Rule 65.Injunctions and restraining orders

Group VIII: Provisional and Final Remedies and Special Proceedings · Last amended March 1, 2017 · Last verified July 14, 2026

In one sentenceRule 65 governs how courts issue preliminary injunctions and temporary restraining orders, including notice, security, and what every such order must contain.

Full Text of Rule 65

Text sizeJump to: (a) (b) (c) (d) (e)

(a) Preliminary Injunction. —
(1) Notice. — The court may issue a preliminary injunction only on notice to the adverse party.
(2) Consolidating the Hearing with the Trial on the Merits. — Before or after beginning the hearing on a motion for a preliminary injunction, the court may advance the trial on the merits and consolidate it with the hearing. Even when consolidation is not ordered, evidence that is received on the motion and that would be admissible at trial becomes part of the trial record and need not be repeated at trial. But the court must preserve any party’s right to a jury trial.
(b) Temporary Restraining Order. —
(1) Issuing Without Notice. — The court may issue a temporary restraining order without written or oral notice to the adverse party or its attorney only if:
(A) specific facts in an affidavit or a verified complaint clearly show that immediate and irreparable injury, loss, or damage will result to the movant before the adverse party can be heard in opposition; and
(B) the movant’s attorney certifies in writing any efforts made to give notice and the reasons why it should not be required.
(2) Contents; Expiration. — Every temporary restraining order issued without notice must state the date and hour it was issued; describe the injury and state why it is irreparable; state why the order was issued without notice; and be promptly filed in the clerk’s office and entered in the record. The order expires at the time after entry — not to exceed 14 days — that the court sets, unless before that time the court, for good cause, extends it for a like period or the adverse party consents to a longer extension. The reasons for an extension must be entered in the record.
(3) Expediting the Preliminary-Injunction Hearing. — If the order is issued without notice, the motion for a preliminary injunction must be set for hearing at the earliest possible time, taking precedence over all other matters except hearings on older matters of the same character. At the hearing, the party who obtained the order must proceed with the motion; if the party does not, the court must dissolve the order.
(4) Motion to Dissolve. — On 2 days’ notice to the party who obtained the order without notice — or on shorter notice set by the court — the adverse party may appear and move to dissolve or modify the order. The court must then hear and decide the motion as promptly as justice requires.
(c) Security. — The court may issue a preliminary injunction or a temporary restraining order only if the movant gives security in an amount that the court considers proper to pay the costs and damages sustained by any party found to have been wrongfully enjoined or restrained.
(d) Contents and Scope of Every Injunction and Restraining Order. —
(1) Contents. — Every order granting an injunction and every restraining order must:
(A) state the reasons why it issued;
(B) state its terms specifically; and
(C) describe in reasonable detail — and not by referring to the complaint or other document — the act or acts restrained or required.
(2) Persons Bound. — The order binds only the following who receive actual notice of it by personal service or otherwise:
(A) the parties;
(B) the parties’ officers, agents, servants, employees, and attorneys; and
(C) other persons who are in active concert or participation with anyone described in Rule 65(d)(2)(A) or (B).
(e) When inapplicable. — This rule shall not apply to suits for divorce, alimony, separate maintenance, or custody of minors.

Amendment History

Added February 2, 2017, effective March 1, 2017.

Plain-English Summary

A preliminary injunction can only issue after the adverse party gets notice — there is no shortcut around that requirement. Because the evidence at a preliminary-injunction hearing often overlaps heavily with the evidence at trial, Rule 65 lets the court advance the trial on the merits and consolidate it with the injunction hearing, before or even after that hearing has started. Even without full consolidation, admissible evidence received at the hearing becomes part of the trial record and doesn’t need to be presented again later, though the court must still preserve any party’s right to a jury trial.
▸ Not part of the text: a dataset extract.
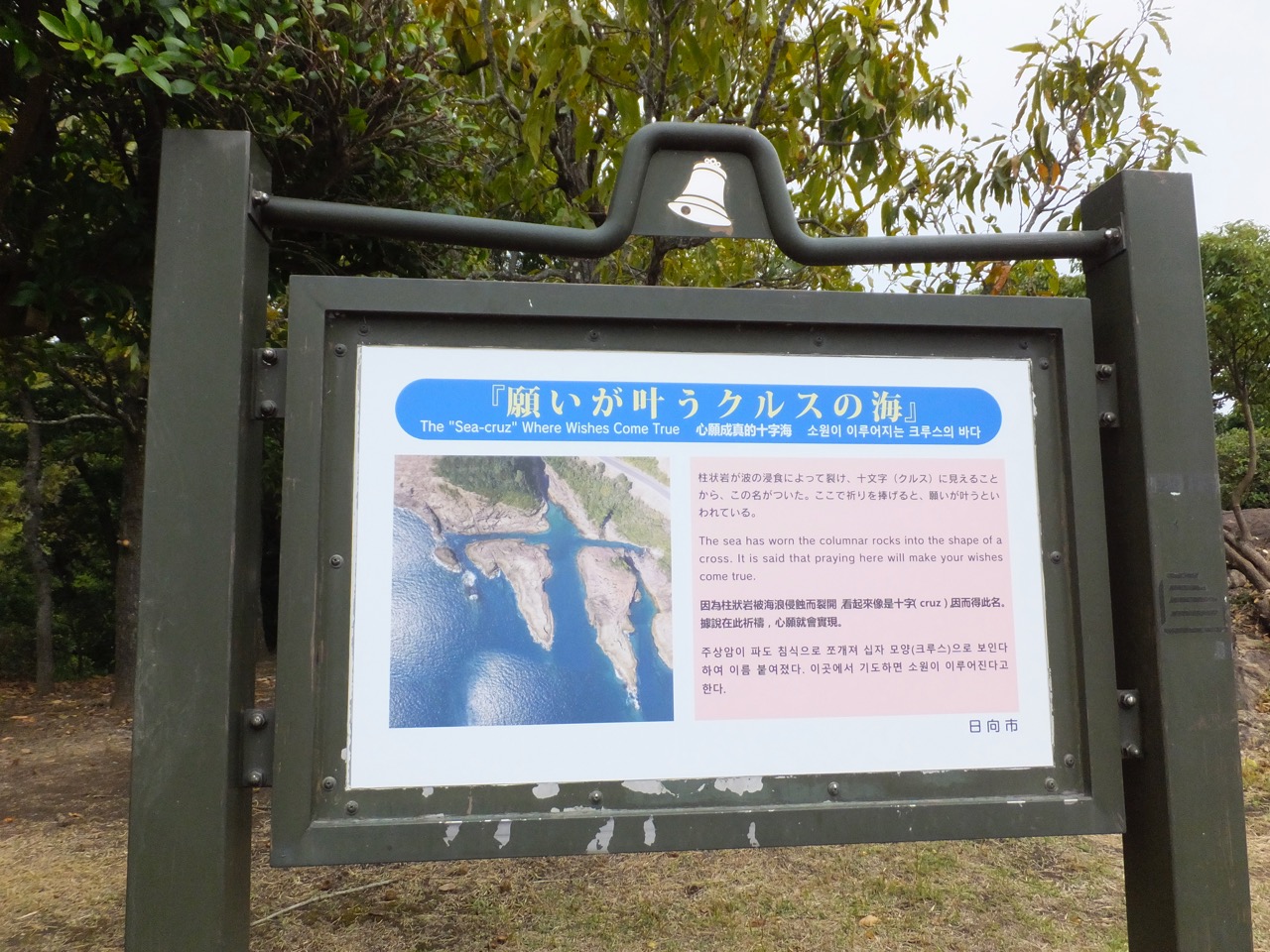 なお、一般的な「クルスの海」展望台の近くに「さんぽう」という展望台もあり、名称が謎ですが、ここから見るとクルスの字の一部が欠けて三方に入江が伸びる形に見える、ということなのかもしれません。

A temporary restraining order works differently, because it can issue without notice to the other side at all — but only in narrow circumstances. The movant needs an affidavit or verified complaint showing specific facts that immediate and irreparable injury will happen before the adverse party can be heard, plus a written certification from the movant’s attorney about what notice efforts were made and why more notice shouldn’t be required. A TRO issued this way must spell out when it was issued, describe the injury and why it’s irreparable, and explain why notice was skipped; it expires within 14 days unless extended for good cause or by the adverse party’s consent, and the preliminary-injunction hearing must be set as soon as possible. The adverse party can also move to dissolve or modify the TRO on two days’ notice.

Whether it’s a TRO or a preliminary injunction, the movant has to post security to cover costs and damages if the order turns out to have been wrongful, and the order itself has to state why it issued, spell out its terms specifically, and describe the restrained or required acts in detail rather than by pointing back to the complaint. The order binds the parties, their officers, agents, and attorneys, and anyone else acting in concert with them who gets actual notice. One notable carve-out: Rule 65 does not apply to divorce, alimony, separate maintenance, or child custody cases.

Frequently Asked Questions

What is the difference between a TRO and a preliminary injunction?

A TRO can be issued quickly, sometimes without notice to the other side, to prevent immediate harm, and it lasts no more than 14 days unless extended. A preliminary injunction requires notice to the adverse party and is meant to hold the situation in place for a longer stretch, often through trial.

Can a court issue a TRO without telling the other side first?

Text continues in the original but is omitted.